▶ _Task objective_
The whole listing should be retyped word for word, apart from the pictures it holds.

▶ _Source data_
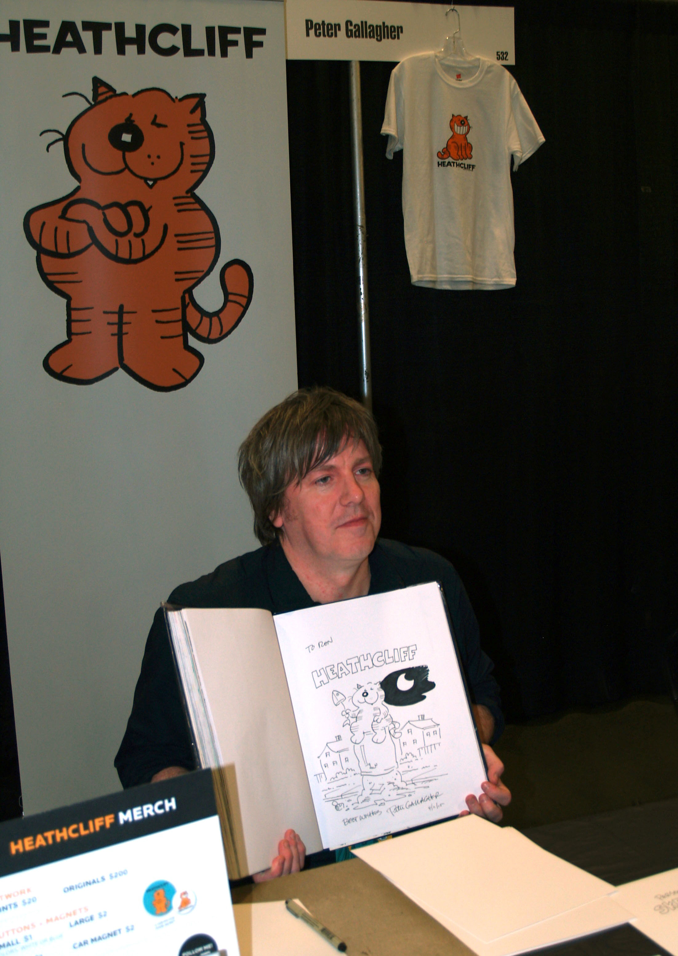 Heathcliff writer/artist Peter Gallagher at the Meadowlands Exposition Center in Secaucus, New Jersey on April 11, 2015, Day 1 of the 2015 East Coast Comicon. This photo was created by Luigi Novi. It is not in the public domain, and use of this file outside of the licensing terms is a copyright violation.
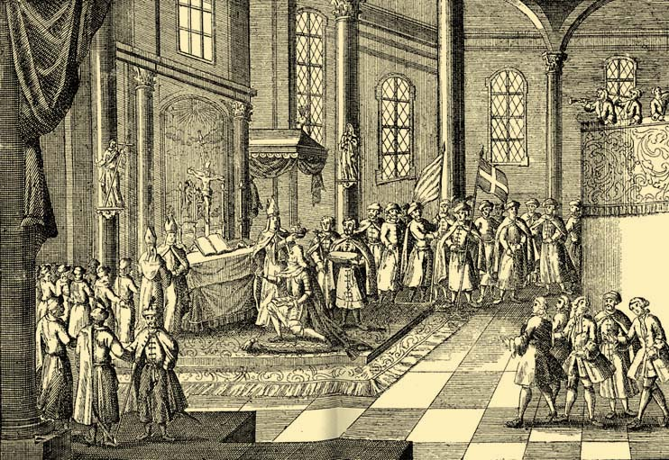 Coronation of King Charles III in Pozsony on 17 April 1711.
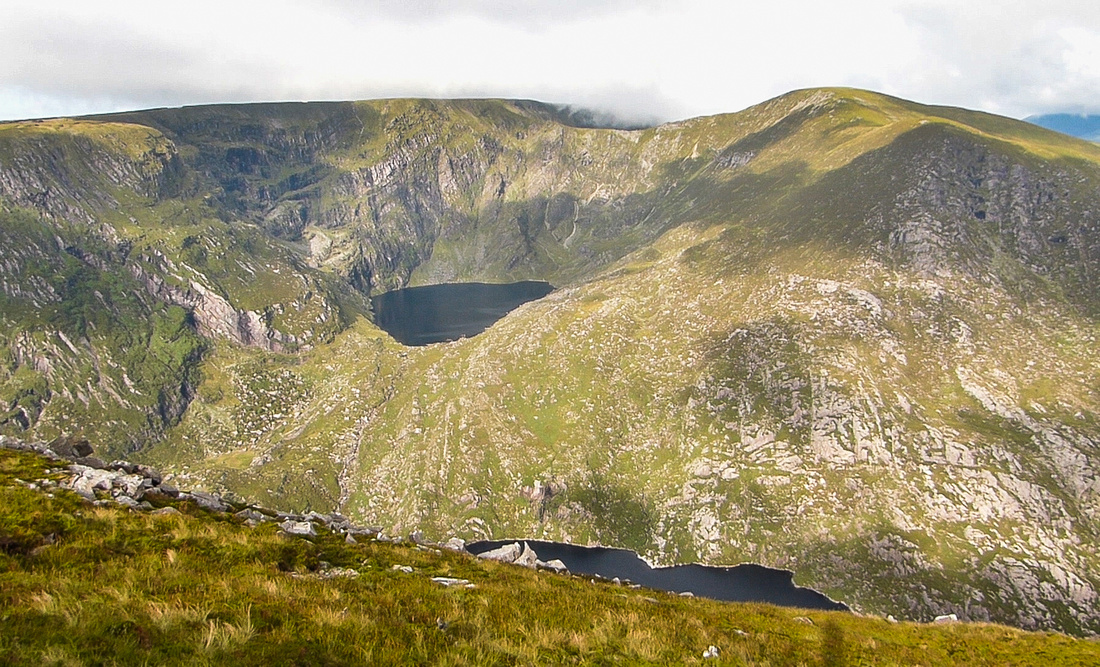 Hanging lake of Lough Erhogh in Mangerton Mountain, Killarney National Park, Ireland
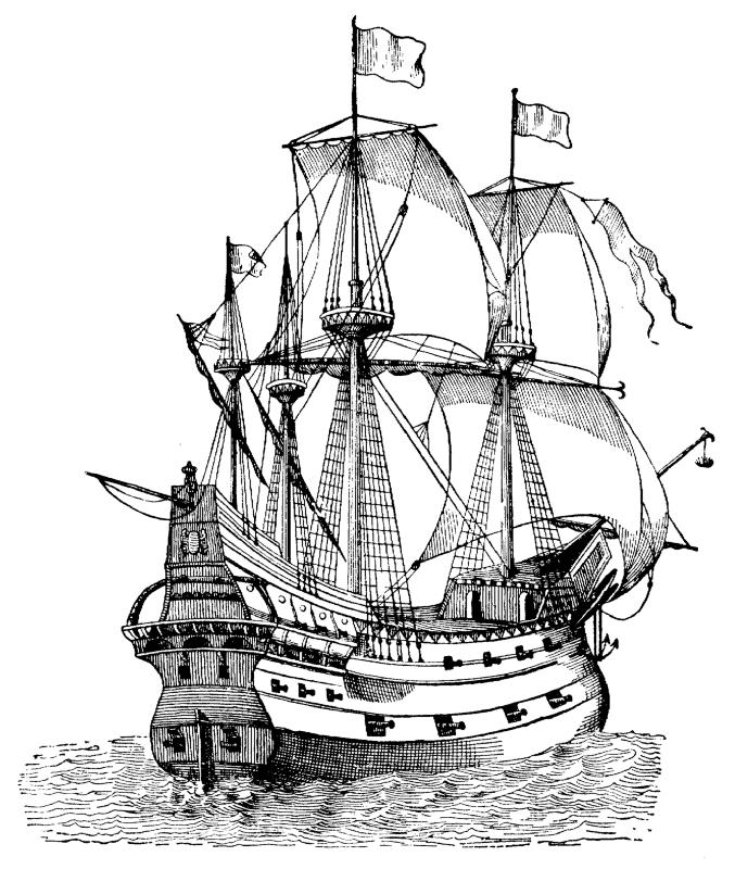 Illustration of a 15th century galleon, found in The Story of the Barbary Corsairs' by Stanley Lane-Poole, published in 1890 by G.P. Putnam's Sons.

▶ _Response for this exercise_
 Heathcliff writer/artist Peter Gallagher at the Meadowlands Exposition Center in Secaucus, New Jersey on April 11, 2015, Day 1 of the 2015 East Coast Comicon. This photo was created by Luigi Novi. It is not in the public domain, and use of this file outside of the licensing terms is a copyright violation.
 Coronation of King Charles III in Pozsony on 17 April 1711.
 Hanging lake of Lough Erhogh in Mangerton Mountain, Killarney National Park, Ireland
 Illustration of a 15th century galleon, found in The Story of the Barbary Corsairs' by Stanley Lane-Poole, published in 1890 by G.P. Putnam's Sons.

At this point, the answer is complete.